Lenders must rise to the challenge of green financing
That climate change lobbyists disrupted a military parade in London during Queen Elizabeth’s Platinum Jubilee celebrations on June 2 is no minor development. It caught the attention of the whole world, as the protesters wanted, days before World Environment Day. But the climate change message did the same.
The protest was part of a global push for climate action, as the world marked Environment Day on June 5. The 2022 World Environment Day campaign dubbed #OnlyOneEarth called for collective and transformative action on a global scale to celebrate, protect and restore our planet.
Since the beginning of the Industrial Revolution in the 18th century, the use of machines and constant automation have propelled technological advances, urbanization and economic growth.
Industrialization has been a major driver of prosperity around the world. However, it has had its drawbacks, such as its contribution to environmental pollution and the depletion of natural resources, which has led to global warming and accelerated climate change.
The depletion of our natural resources and the injection of greenhouse gases into the atmosphere should concern us all because we only have one earth and its resources are not increasing at the same rate as we are drawing them down.
It is therefore our duty to conserve these natural resources. The effects of climate change are clear and all sectors are affected. Unfortunately, the majority of these effects are irreversible.
The agricultural sector, a key enabler of Kenya’s economy, is one of the most affected due to erratic and unpredictable weather patterns accompanied by long periods of drought and heavy flooding.
It has also had a direct impact on tourism, which is equally important to our economy. Therefore, most economic sectors depend on climate protection to thrive.
For us to care for current and future generations, climate adaptation and mitigation measures must be in place. However, this comes at a cost.
It is estimated that more than $130 billion is needed each year for adaptation measures in Africa alone. This amount is expected to increase from $140 billion to $300 billion per year by 2030.
Despite this challenging demand, there is hope that we can secure the amount needed to finance climate action, with appropriate use of cross-sectoral synergy. Financing climate change interventions requires a collaborative effort between the private and public sectors.
When it comes to the amount required for climate finance in developing countries, there is no doubt that global support from developed markets and development finance institutions is needed to find financing vehicles and mechanisms to boost climate change. climate finance.
International organizations such as the International Finance Corporation (IFC) and the Global Climate Fund (GCF) have played a leading role in supporting climate finance in developing countries. As a financial institution, KCB, with operations across East Africa, has partnered with these organizations to finance climate-related investments.

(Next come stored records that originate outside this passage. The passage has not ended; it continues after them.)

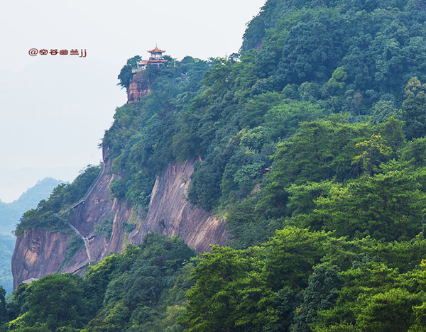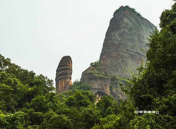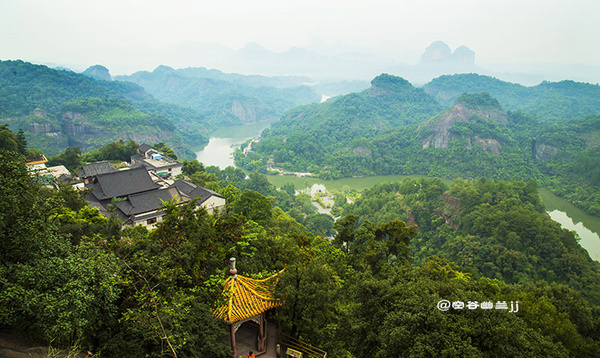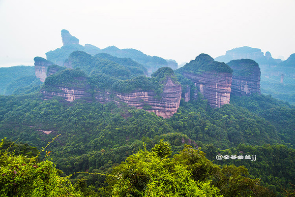 從山腳下乘索道上丹霞山主山之巔—寶珠峰,霧突突的天,在騰空而上的索道上縱目遙望置身于崇山峻嶺之中,不一會兒就到達寶珠峰頂,走到東部觀景臺(韶音亭)遠眺,群峰疊翠,連綿起伏,“無限風光在險峰”的詩情畫意,得到淋漓盡致的體現(xiàn),讓人感受到世界名山的神奇魅力。
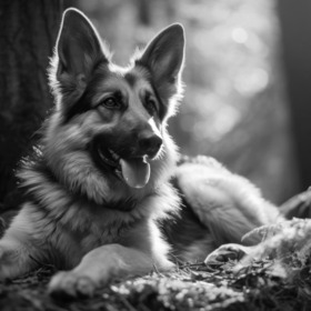 hunde, tiere, wald, schwar … des im wald im stil … schaeferhund im wald bild au
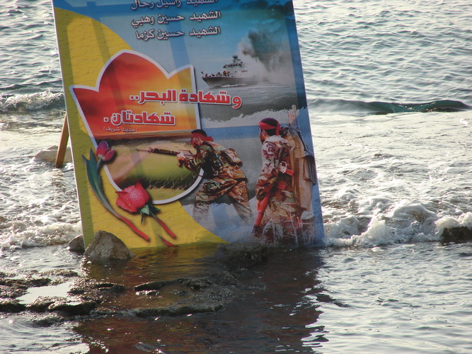 كما زرعت رايات النصر وانتشرت القوارب التي علتها الأعلام اللبنانية وأعلام حزب الله و وزعت الورود الحمراء على سطح المياه التي شهدت على بطولة واستبسال المقاومين، كما نصبت جدارية على سطح مياه البحر كتب عليها أسماء الشهداء الستة وعبارة (شهادة البحر شهادتان) كما خطت فتاة رسالة لهؤلاء الأبطال عبَّرت فيها عن إفتخار وعزة لما قاموا من عمل بطولي ووضعتها في زجاجة ورمتها إلى البحر.
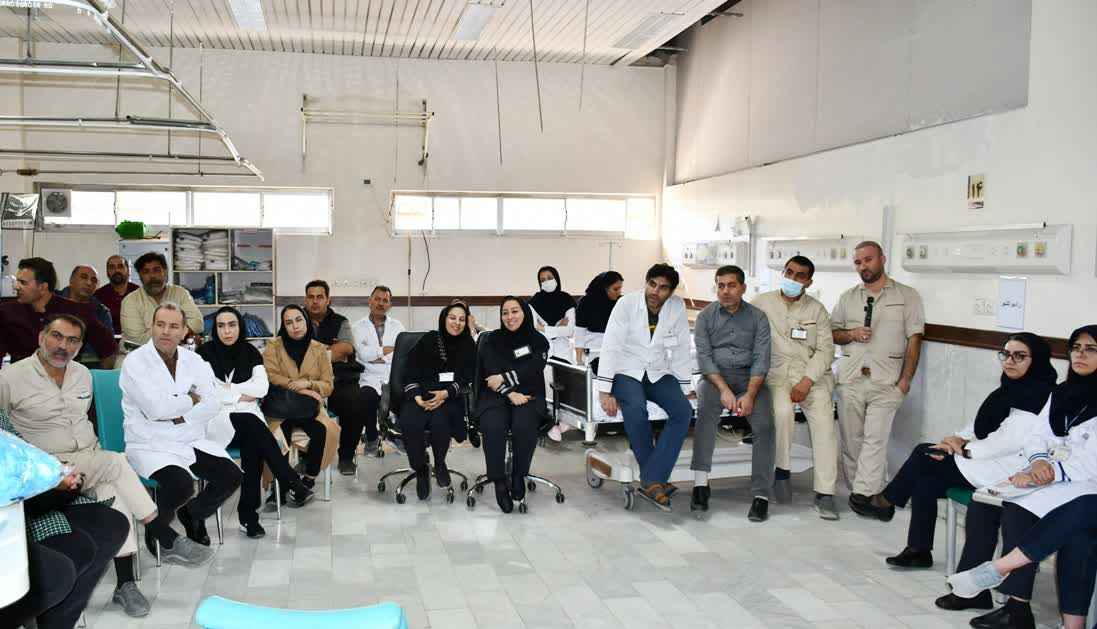 این مانور با حضور دکتر سارا نصیرهرندی مدیر درمان مرکز، دکتر محمد سالکی مدیر خدمات آموزشی، منیژه نصراصفهانی مدیر خدمات پرستاری و جمعی از سوپروایزرها و سرپرستاران برگزار گردید.

In 2020, the bank became the first financial institution in East Africa to be accredited by the GCF to disburse climate investments in the region. Great strides have been made since these accreditations, with green lending traction increasing across the bank.
As an operating financial institution, we are keen to transform our portfolio by supporting the low carbon transition through financing, clean energy, sustainable infrastructure, smart agriculture and energy efficiency that touch our clients’ critical processes .

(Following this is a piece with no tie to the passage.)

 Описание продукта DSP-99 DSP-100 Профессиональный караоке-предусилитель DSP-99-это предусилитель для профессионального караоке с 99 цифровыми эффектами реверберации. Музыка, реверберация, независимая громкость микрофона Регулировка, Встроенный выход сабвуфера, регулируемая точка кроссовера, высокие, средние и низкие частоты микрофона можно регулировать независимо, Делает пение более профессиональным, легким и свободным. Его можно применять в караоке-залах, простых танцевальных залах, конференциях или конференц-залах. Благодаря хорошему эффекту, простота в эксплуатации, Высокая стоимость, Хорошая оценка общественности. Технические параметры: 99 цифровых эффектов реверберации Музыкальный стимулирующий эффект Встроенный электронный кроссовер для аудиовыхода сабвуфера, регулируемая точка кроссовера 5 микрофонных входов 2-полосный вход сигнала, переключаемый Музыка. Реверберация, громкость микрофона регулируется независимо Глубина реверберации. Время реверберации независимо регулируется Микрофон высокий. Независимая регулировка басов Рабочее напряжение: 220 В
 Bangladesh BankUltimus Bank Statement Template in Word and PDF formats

Despite the advent of sustainability frameworks within financial institutions, there is an urgent need to take the lead in sustainable finance.

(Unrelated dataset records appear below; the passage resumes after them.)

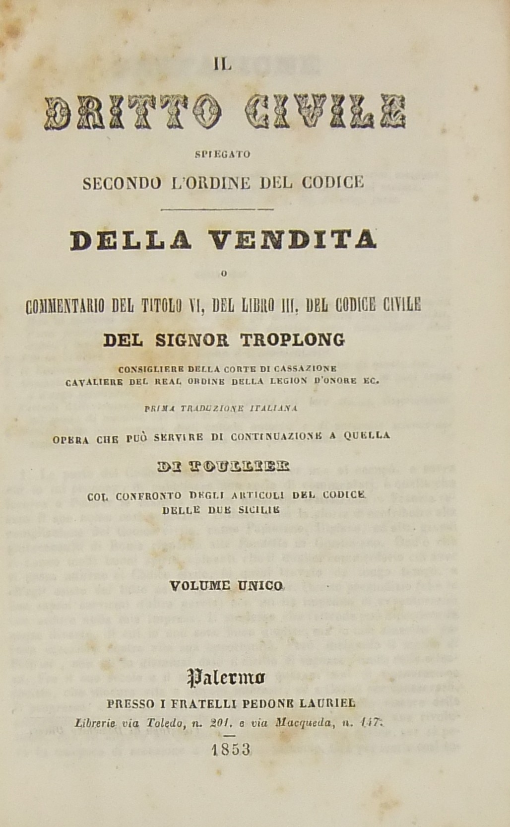 Il dritto civile spiegato secondo l'ordine del Codice. Della vendita. Commentario del Titolo VI del Libro III del Codice civile. Prima traduzione italiana. Opera che può servire di continuazione a quella di Toullier col confronto degli articoli del Codice delle Due Sicilie
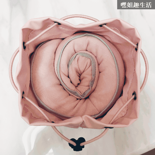 还有一个贴心的细节,就是颈枕两头装有两根抽绳和帽衫锁扣,可以锁住向上拉紧,好像穿衣服一样,像我这种小头妹子就不用担心颈枕太大架不起来了。
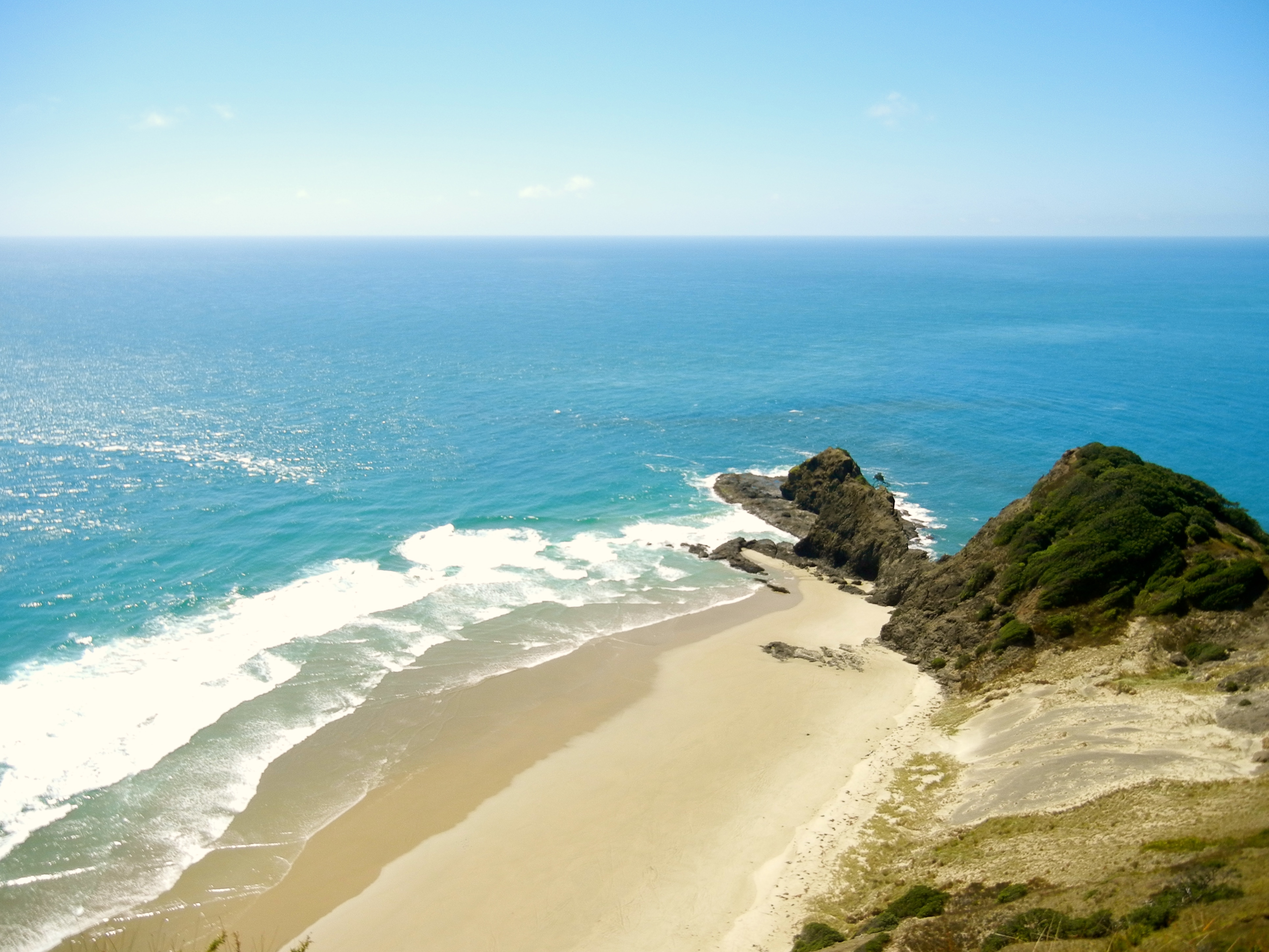 Gestartet sind wir von unserem Campingplatz in Kerikeri. Die Fahrt führt durch hügeliges Weideland mit vereinzeltem Meerblick. Bereits der Weg zum Cape Reinga hat etwas Tolles zu bieten, nämlich den Ninety Mile Beach. Er erstreckt sich über 88 Kilometer von Ahipara bis zum Scott Point. Vom Scott Point sind es nur noch wenige Kilometer bis zum Cape Reinga, dem beinahe nördlichsten Teil von Neuseeland. Mehrere Zufahrtsstrassen führen zum kaum enden wollenden Sandstrand.

To do this better, financial institutions must build the internal capacities of their teams as well as deploy internal frameworks and policies that promote climate finance and integrate climate risk among the main risks.
The publication of guidelines on climate-related risk disclosure by the Central Bank of Kenya (CBK) gives banks an opportunity to further strengthen the structures and policies that had already been put in place.
For example, KCB has incorporated these guidelines to ensure that more guarantees are taken into account against climate risks. Additionally, social and environmental assessment (M&E) is being integrated for projects seeking funding to ensure that all risks are considered. Last year, KCB assessed the M&E threats of projects worth 245 billion shillings.
Lenders that engage in climate finance will accelerate the fight against climate change. By lending to customers who are transitioning to green businesses and projects, financiers will green their lending books and attract the financial attention of like-minded investors.
They will play a leading role in the transition to a green economy, build their brand reputation and emerge as thought leaders in the field of sustainability.
It is time for Africa through our financial institutions to rise again. Banks on the continent should adopt sustainable measures, as this will in turn ensure that our business practices and those of our customers are sustainable in the long term.
Joining global alliances such as Net Zero Banking Alliance and Green Climate Fund is also a way in which we ensure that we participate in decision making and strategy development, guiding the technical work that needs to be done in sustainable space.